Hitchens argues that Orwell’s most prominent quality was his independence, and it was an independence that had to be earned through willpower. Orwell was, Hitchens continues, something of a natural misanthrope: “He had to suppress his distrust and dislike of the poor, his revulsion from the Jews, his awkwardness with women, and his anti-intellectualism.” It was through continued acts of self-mastery that Orwell was able to overcome most of his natural prejudices, in order to see things as they really were and champion groups that needed championing. Orwell was always checking himself, which perhaps explains the tone of cool reserve that marks his prose.

All of us, like Orwell, harbor prejudices and anyone who says differently is either a liar, a hypocrite, or a fool. Just as anyone who has traveled extensively will have seen and experienced racism of one form or another. The best we can offer ourselves and each other is to try to emulate Orwell’s practice of “checking himself,” his “continued acts of self-mastery.”

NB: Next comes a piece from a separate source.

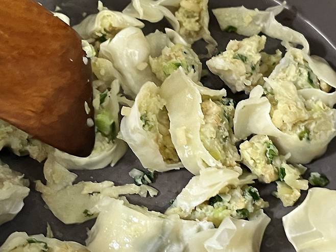 냄비에 기름을 살짝 붓고 고기만두 썬 것을 달달 볶습니다. 기름을 두르지 않으면 눌어붙기 때문에 기름 소량 꼭 두르세요. 만둣속을 볶아 맛있는 향이 날 때까지 볶으세요.

Championing one group frequently requires criticizing another. While I do not resile from my remarks about Muslim fundamentalists and Islamic terrorists, I’m well aware that—as I’ve previously noted—”I need to occasionally corral my instictive exuberance, my heartfelt belief that conflict, and only conflict, offers the key to engaging an audience’s attention.” Though there is sometimes a fine line between the provocative and the offensive, nothing I have written could be construed by any reasonable person as “racist.” My recent entries have been all been written with the goal of contributing to what Steve Himmer describes as “a valuable conversation about how the peace movement should proceed.”

Steve’s own responses to my arguments, with which he finds much to disagree, have been exemplary in their honesty and intellectual rigor. I look forward to continuing the conversation in the direction he has mapped out.